Your problem is that you imported Form twice, rendering your flask-wtf Form import useless.
from flask_wtf import Form
from wtforms import Form, TextField, TextAreaField, SubmitField, validators
# ^^^ Remove
Only the flask-wtf extension has the special Form class which can handle CSRF automatically / other stuff.
I tried to fix this, too.
After removing brackets "()" appended after hidden_tag, it works.
{{ form.hidden_tag }}
It took me some time to fix this.
First import Form, fields, bootstrap as:
from flask_wtf import Form
from wtforms import StringField #etc
from flask_bootstrap import Bootstrap
Config secret key and bootstrap
app = Flask(__name__)
app.config['SECRET_KEY'] = 'secret key'
Bootstrap(app)
create your form as your used to:
class ContactForm(Form):
name = TextField("Name", [validators.Required()])
email = TextField("Email",[validators.Required(), validators.email()])
subject = TextField("Subject", [validators.Required()])
message = TextAreaField("Message", [validators.Required()])
submit = SubmitField("Send")
Nothing special in the routing aswell, just return it normaly.
In the html:
{% extends "bootstrap/base.html" %}
{% import "bootstrap/wtf.html" as wtf %}
{% if form %}
{{ wtf.quick_form(form, ) }}
{% endif %}
And that's it. Hope you find some (or all) of it useful.

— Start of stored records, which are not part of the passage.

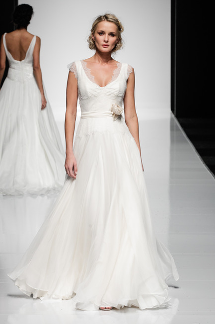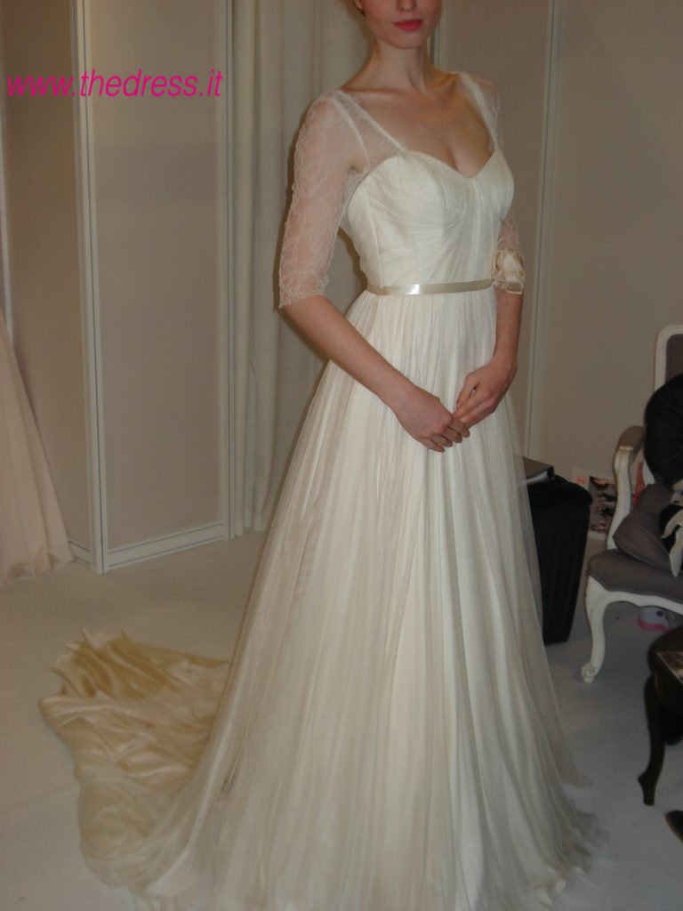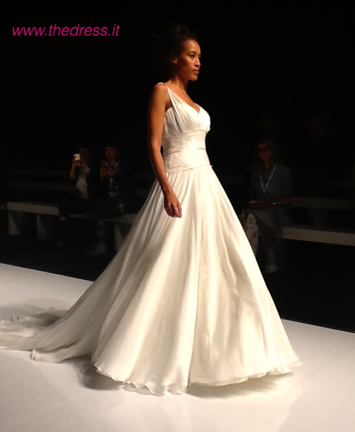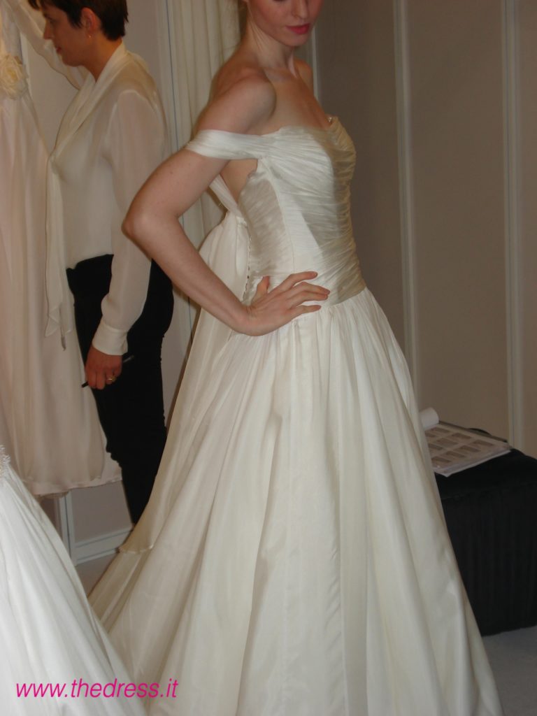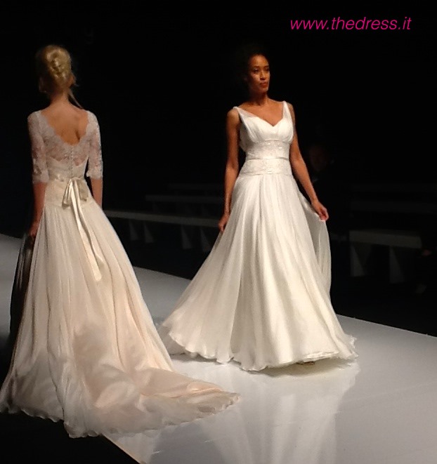 Sempre presenti gli abiti da sposa tipici e popolari della stilista, con gonne morbide e fluttuanti in chiffon di seta ed un sapiente uso dei toni rosa cipria e pesca.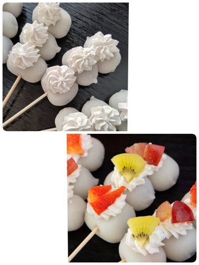 冷凍ぷち大福を解凍し、串に刺してホイップクリームとフルーツを飾るだけ。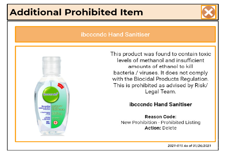 CB 卖家禁止售卖这个牌子的消毒液,不符合杀菌产品法规标准,不能上传和售卖,将会直接被 Listing 删除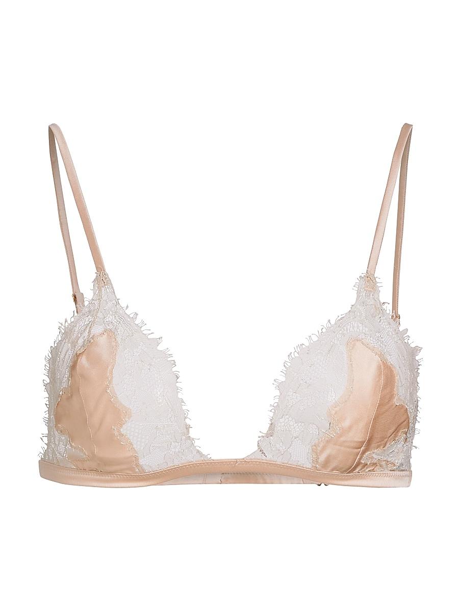 From the Giselle Collection. Crafted of silk satin, Kiki de Montparnasses soft bra is inset with sheer lace. Adjustable straps Back hook-and-bar closure 90% silk/10% elastane Hand wash Imported SIZE & FIT Model measurements: 510 tall Model is wearing a US size Extra Small. Lingerie - Designer Foundations > Kiki De Montparnasse > Saks Fifth Avenue > Barneys. Kiki de Montparnasse. Color: Blush Sucre. Size: Large.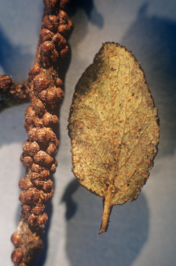 Plants affected - Many woody plants, including Ceanothus, Cotoneaster, Cytisus, Weigela, Wisteria, roses, plums and bush and cane fruits. In glasshouses grape vines, peaches and nectarines may be affected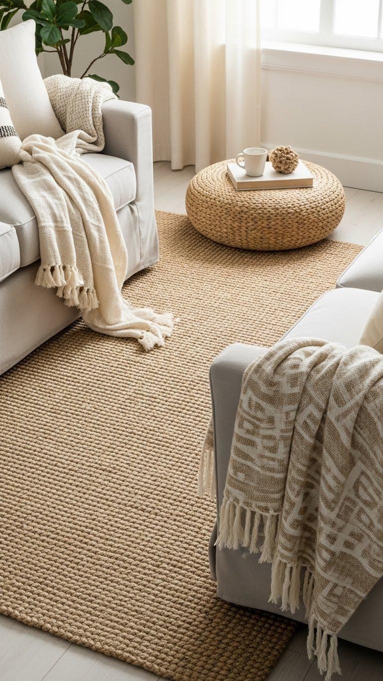 To anchor those soft linen layers, bring in a seagrass or sisal rug — its natural weave adds structure and an earthy contrast to off-white and oatmeal throws. Choose a low-profile rug with coastal texture to define seating and create flow.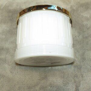 Container = Custom glass w/embossed piano key design, goldtone metal lid w/Elton monogram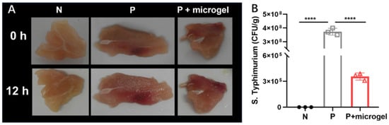Anti-microbial activity of phage microgels on chicken samples. (A) Pictures of chicken samples treated with water (negative control, N), S. typhimurium 14,028 (positive control, P), and S. typhimurium 14,028 with phage microgels, (P + microgel), at 0 and 12 h. (B) Bacterial titer count of the collected bacterial suspension from contaminated samples (n = 3 independent chicken samples per group). Significance was calculated by one-way ANOVA with Tukey multiple comparisons test; **** p < 0.0001.

Update for #Yuji'Tomita'Tomita answer :
You should import FlaskForm instead of Form
from flask_wtf import FlaskForm
from wtforms import TextField, TextAreaField, SubmitField, validators
The error that you're seeing is telling you that forms.ContactForm has no method called "hidden_tag". You're referencing that method on the 6th line of contact.html like this:
{{ form.hidden_tag() }}
According to the flask documentation, this is the correct way to implement CSRF protection.
I would start by removing the line that references "form.hidden_tag()", then see if your form works. Then go back and implement CSRF protection per those instructions from the documentation.